Question

A research physician compared the effectiveness of two blood pressure drugs \(A\) and \(B\) by administering the two drugs to each of four pairs of identical twins. Drug \(A\) was given to one member of a pair; drug \(B\) to the other. If, in fact, there is no difference in the effects of the drugs, what is the probability that the drop in the blood pressure reading for drug \(A\) exceeds the corresponding drop in the reading for drug \(B\) for all four pairs of twins? Suppose drug \(B\) created a greater drop in blood pressure than drug \(A\) for each of the four pairs of twins. Do you think this provides sufficient evidence to indicate that drug \(B\) is more effective in lowering blood pressure than drug \(A\) ?

Short answer

Answer: The probability is 0.0625.

Step-by-step solution

Enumerate all possible scenarios for twin pairs.

Each twin pair can have two possible outcomes, either drug \(A\) has a greater blood pressure drop than drug \(B\) or drug \(B\) has a greater blood pressure drop than drug \(A\). Since there are 4 twin pairs, we evaluate \(2^4 = 16\) possible scenarios of these outcomes.

Count the successful outcomes.

In order to find the required probability, we need to count all the scenarios in which drug \(A\) has a greater blood pressure drop than drug \(B\) for all 4 pairs of twins, which means having drug \(A\) outperforming drug \(B\) in all 4 twin pairs. There is only 1 such scenario.

Calculate the probability.

The probability of drug \(A\) having a greater blood pressure drop than drug \(B\) for all 4 pairs of twins can now be calculated by dividing the number of successful outcomes (1) by the total possible outcomes (16), i.e., Probability = \(\frac{1}{16}\) = 0.0625.

Discuss the implications of the observed results.

In the given exercise, it is mentioned that drug \(B\) created a greater drop in blood pressure than drug \(A\) for all four pairs of twins. This means that we have observed the worst possible outcome for drug \(A\) (the least likely situation). While this alone doesn't necessarily prove that drug \(B\) is more effective than drug \(A\), it does provide strong evidence in favor of drug \(B\) being more effective in lowering blood pressure than drug \(A\). Additionally, it would be recommended to perform further studies with larger samples to strengthen the conclusions derived from this experiment.

Key concepts

Hypothesis Testing

In the realm of medicine, hypothesis testing is a crucial statistical method. It helps researchers determine whether there is a significant effect or difference due to treatment or intervention. In the given exercise, the hypothesis tested is whether there is a difference in the effectiveness between drugs A and B for reducing blood pressure. The null hypothesis, which assumes no difference between the drugs, is implicitly tested.

Hypothesis testing involves several key steps:

• Establishing the null and alternative hypotheses
• Choosing a significance level, commonly 0.05
• Calculating the test statistic from observed data
• Determining the probability (p-value) of observing such data if the null hypothesis is true
• Making a decision to reject or fail to reject the null hypothesis based on the p-value

In this exercise, if the observed outcome (where drug B performed better in all cases) occurs under the assumption of the null hypothesis, it might indicate significant evidence against it.
The p-value is the probability calculated, 0.0625 in this case, suggesting that the observed result is somewhat unlikely yet possible under the null hypothesis.

Probability Calculation

Calculating probabilities effectively is a core component of analyzing results in medical research. The method utilized in solving the exercise is a basic example of probability calculation.

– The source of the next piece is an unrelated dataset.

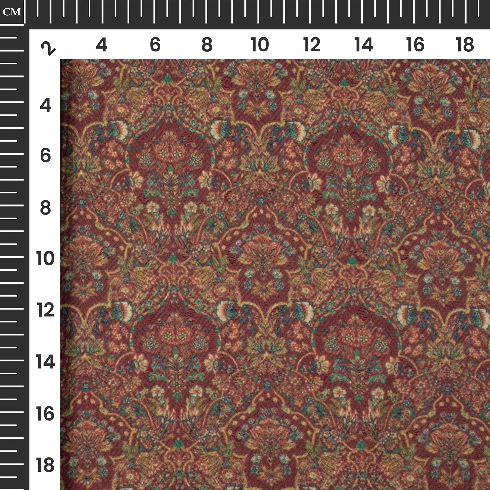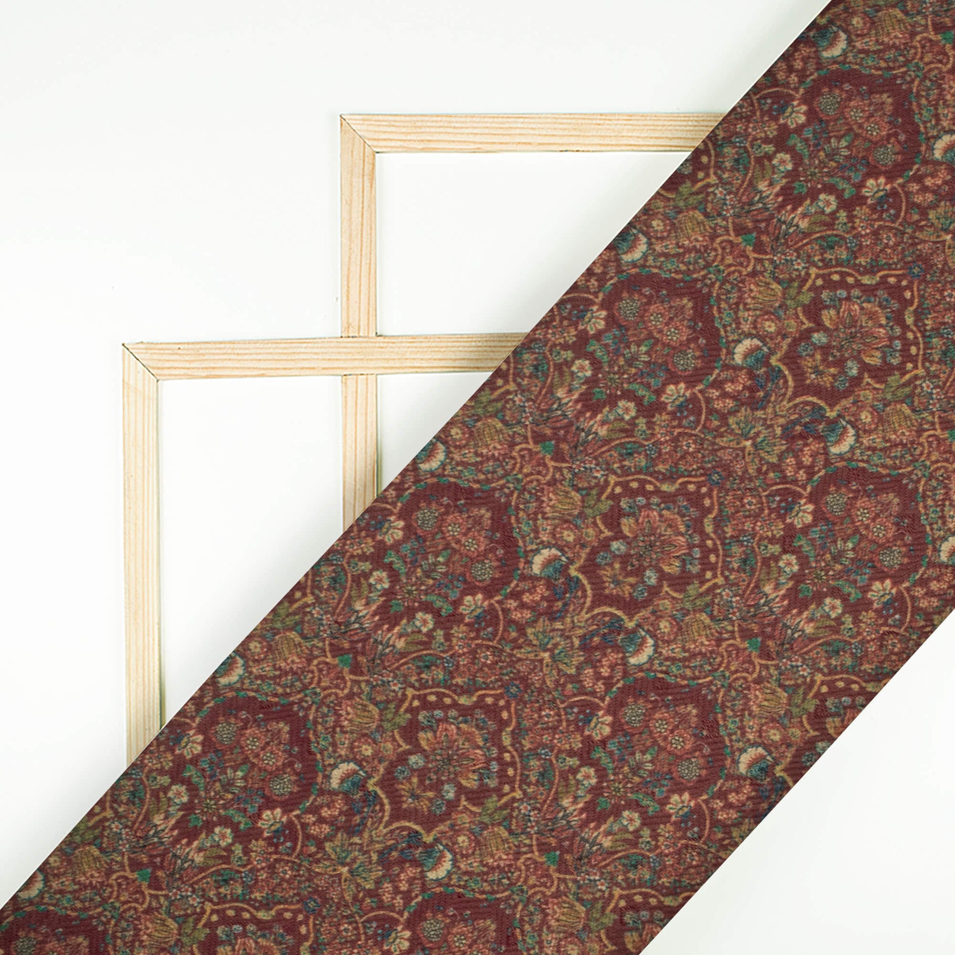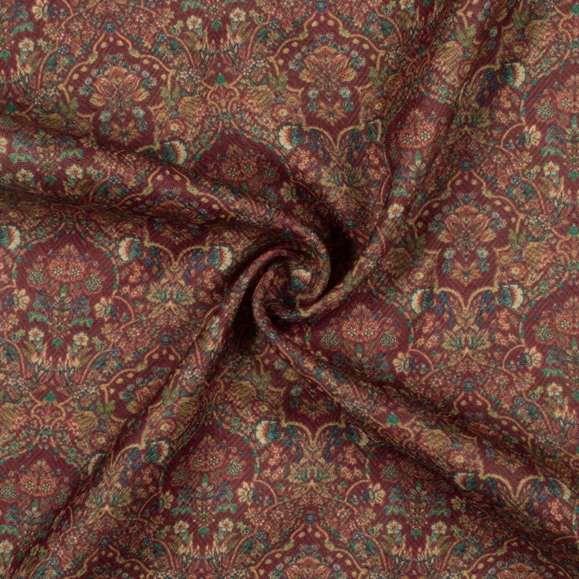 Maroon And Green Ethnic Pattern Digital Print Elegant Blend Pashmina Fabric

The probability in question was to determine how likely it is for drug A to outperform drug B in all twin pairs if there is no inherent effectiveness difference. With four twin pairs and two possible outcomes per pair (A is better or B is better), the total number of outcomes is calculated as \( 2^4 = 16 \).

• The only scenario favoring drug A outperforming in all pairs is just one out of the possible 16.
• This gives a probability of \( P = \frac{1}{16} \) or approximately 0.0625.

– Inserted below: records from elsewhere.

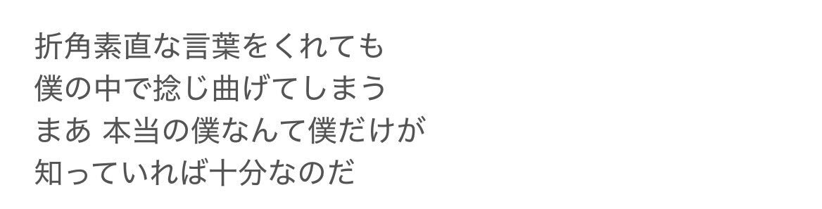 #類型別に毎日好きな歌教えて 「本当の君なんて僕には分からないから 最初から口に出さない方が結果的には辛くない そうして言うことすらもやめていったんだ」 「気が付いたら「何か違う、こんなことが言いたいわけじゃないんだ」って でももうどうでもいいや」 特にここの歌詞めっちゃ共感すぎる pic.x.com/mdyFDcmDji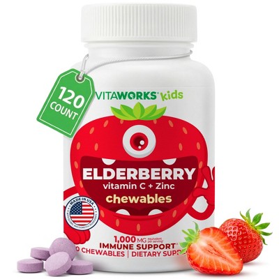 VitaWorks Kids Elderberry Vitamin C and Zinc - Great Tasting Strawberry Flavor Sambucus Elderberry Immune Support for kids - 120 Chewables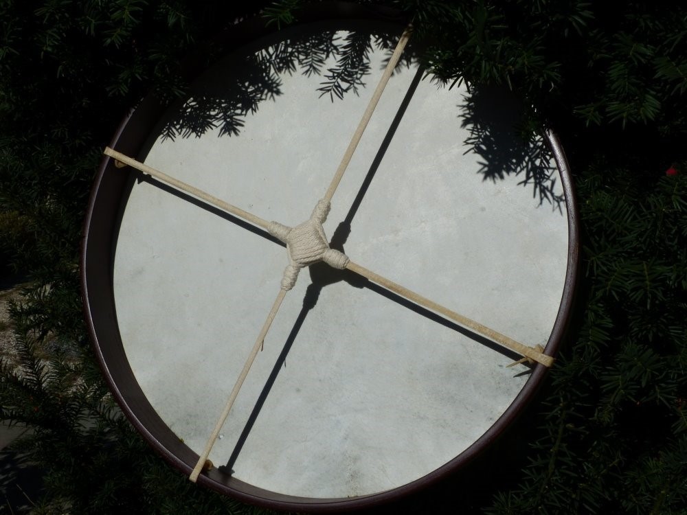 De gongdrum of framedrum heeft een houten frame wat bespannen is met natuurlijk geitenvel.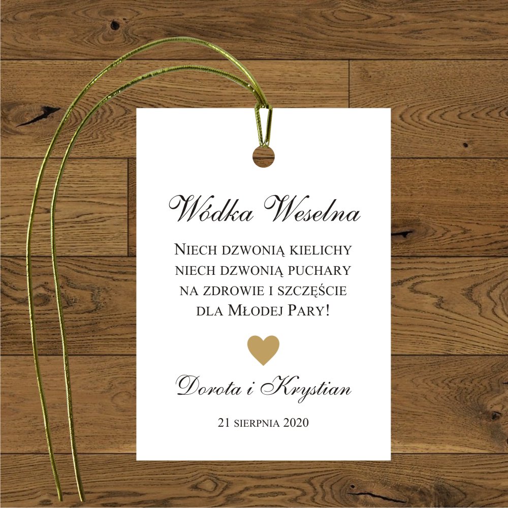Serduszko złote mini. Przywieszka na wódkę weselną

Understanding these probabilities is essential for determining how "surprising" or "expected" certain experimental results might be. In this specific example, the low probability calculated indicates that seeing drug A outperform drug B in all cases would be unlikely if the drugs are equally effective.

Experimental Design in Medicine

A well-thought-out experimental design is vital in medical studies to draw valid conclusions. The exercise demonstrates a specific type of experimental design using paired samples, in this case, identical twins.

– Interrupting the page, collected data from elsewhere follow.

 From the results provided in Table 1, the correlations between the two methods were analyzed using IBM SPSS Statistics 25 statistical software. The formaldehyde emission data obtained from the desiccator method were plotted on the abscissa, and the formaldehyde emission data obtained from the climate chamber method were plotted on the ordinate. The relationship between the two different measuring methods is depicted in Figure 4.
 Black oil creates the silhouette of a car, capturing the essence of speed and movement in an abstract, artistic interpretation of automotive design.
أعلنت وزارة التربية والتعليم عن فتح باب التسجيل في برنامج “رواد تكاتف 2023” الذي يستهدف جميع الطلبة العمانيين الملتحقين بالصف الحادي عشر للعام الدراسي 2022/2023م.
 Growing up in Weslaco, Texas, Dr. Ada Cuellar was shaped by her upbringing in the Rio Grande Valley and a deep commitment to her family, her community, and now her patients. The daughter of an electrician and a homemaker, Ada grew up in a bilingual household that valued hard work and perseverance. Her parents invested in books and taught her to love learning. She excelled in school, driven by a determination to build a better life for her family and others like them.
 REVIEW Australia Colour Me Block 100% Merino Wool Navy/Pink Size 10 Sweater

This design ensures as much control over confounding variables as possible, as identical twins have inherently similar genetics.

• Each twin in a pair receives a different drug to minimize individual differences.
• By comparing within twin pairs, researchers can focus heavily on the drug effect.

Such designs are powerful in reducing variability and enhancing the reliability of results. The twin-pair model also prevents the skew from environmental factors, which could otherwise introduce bias.
By conducting experiments with controlled pairs like twins, results gain immense credibility, especially when variability is naturally minimized. Yet, medical research often requires larger sample sizes to confirm results. Other designs might include randomization or crossover studies to further ensure unbiased findings, which often accompany paired designs in comprehensive research endeavors.